Supported input file types, as recognized by their listed filename extension(s):
Type Filename extensions
FASTA fasta, fa, fas, faa, ffn, fnn, fna (possibly .gz .bgz .bz2 .xz)
FASTQ fastq, fq (possibly .gz .bgz .bz2 .xz)
SAM sam (possibly .gz .bgz .bz2 .xz)
BAM bam (possibly also .gz .bgz)
CRAM cram
VCF vcf (possibly .gz .bgz .bz2 .xz)
BCF bcf (possibly also .gz .bgz)
GFF gff3, gff, gvf, gtf (possibly .gz .bgz .bz2 .xz)
BED bed (possibly .gz .bgz .bz2 .xz)
PHYLIP phy (possibly .gz .bgz .bz2 .xz)
Chain chain (possibly .gz .bgz .bz2 .xz)
Kraken kraken (possibly .gz .bgz .bz2 .xz)
23andMe txt (possibly .zip)
LOCS locs (possibly .gz .bgz .bz2 .xz)
Generic any other file (possibly .gz .bgz .bz2 .xz)
Note: compressing .bcf, .cram,.xz or .zip files requires bcftools, samtools, xz or .zip respectively, to be installed.
Examples
genozip sample.bam
genozip sample.R1.fq.gz sample.R2.fq.gz --pair --reference hg19.ref.genozip -o sample.genozip
genozip --optimize -password 12345 ftp://ftp.ncbi.nlm.nih.gov/file2.vcf.gz
Options
-i, --input data-type
data-type is one of the supported file extensions listed in the table above (eg bam vcf.gz fq.xz. See "genozip --help=input" for full list of accepted file types. This flag should be used when redirecting input data with a < or | or if the input file type cannot be determined by its file name.
-f, --force
Force overwrite of the output file or force writing the compressed data to standard output.
-^, --replace
Replace the source file with the result file rather than leaving it unchanged.
-D, --subdirs
If a file name on the command line is a directory include all files of that directory (recursively).
-o, --output output-filename
Note: output-filename can also be a directory name, in which case the output file is written to the specified directory. If the name has a ‘/’ suffix (e.g. “-o my-dir/”), then the directory is created if it doesn’t already exist.
-9, --optimize, --optimise
Modify the file in ways that are likely insignificant for analytical purposes but significantly improve compression and
somewhat improve the speed of genocat --regions. This option activates all optimizations.
Note: files compressed with this option are NOT identical to the original file after decompression. For this reason, it is not possible to use this option in combination with --test or --md5.
Note: For the list of optimizations available for each data type, see below.
-b, --best
Best compression.
Note: Running with this option is a bit slower and consumes more memory.
Note: Subsetting files compressed with --best with genocat --regions or --regions-file is slower than usual.
Note: When using --best with SAM/BAM or FASTQ, --reference must be used as well (except for long-read FASTQ files and
long-read, unmapped SAM/BAM files); This can be overridden with --best=NO_REF.

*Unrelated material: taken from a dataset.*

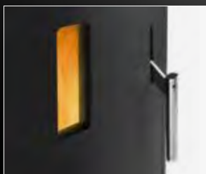
Vue du feu et poignée

Tip: To avoid running out of memory on a low-resource personal computer, combine with limiting threads using --threads.
-F, --fast
Faster compression but lower compression ratio than normal. Files compressed with this option also decompress faster.
-p, --password password.
Password-protected - encrypted with 256-bit AES. See Encryption.
--tar tarfilename.tar
Compress directly into a standard tar file. Each file is compressed independently and written directly into a standard tar file
as it is being formed. See Archiving.
Note: to decompress all files packaged in a tar file use:
tar xvf tarfilename.tar |& genounzip --files-from - --replace
-I, --input-size file-size-in-bytes
genozip configures its internal data structures to optimize execution speed based on the file size. When redirecting the input
file with < or | genozip cannot determine its size and this might result in slower execution. This problem can be overcome by using this option to inform genozip of the file size.
-t, --test
After compressing normally - decompress in memory (i.e. without writing the decompressed file to disk) - comparing the
digest of resulting decompressed file to that of the original file. The digest algorithm used is Adler32 - this may be changed to (slower) MD5 by combining with --md5. This option is set by default. See Verifying file integrity.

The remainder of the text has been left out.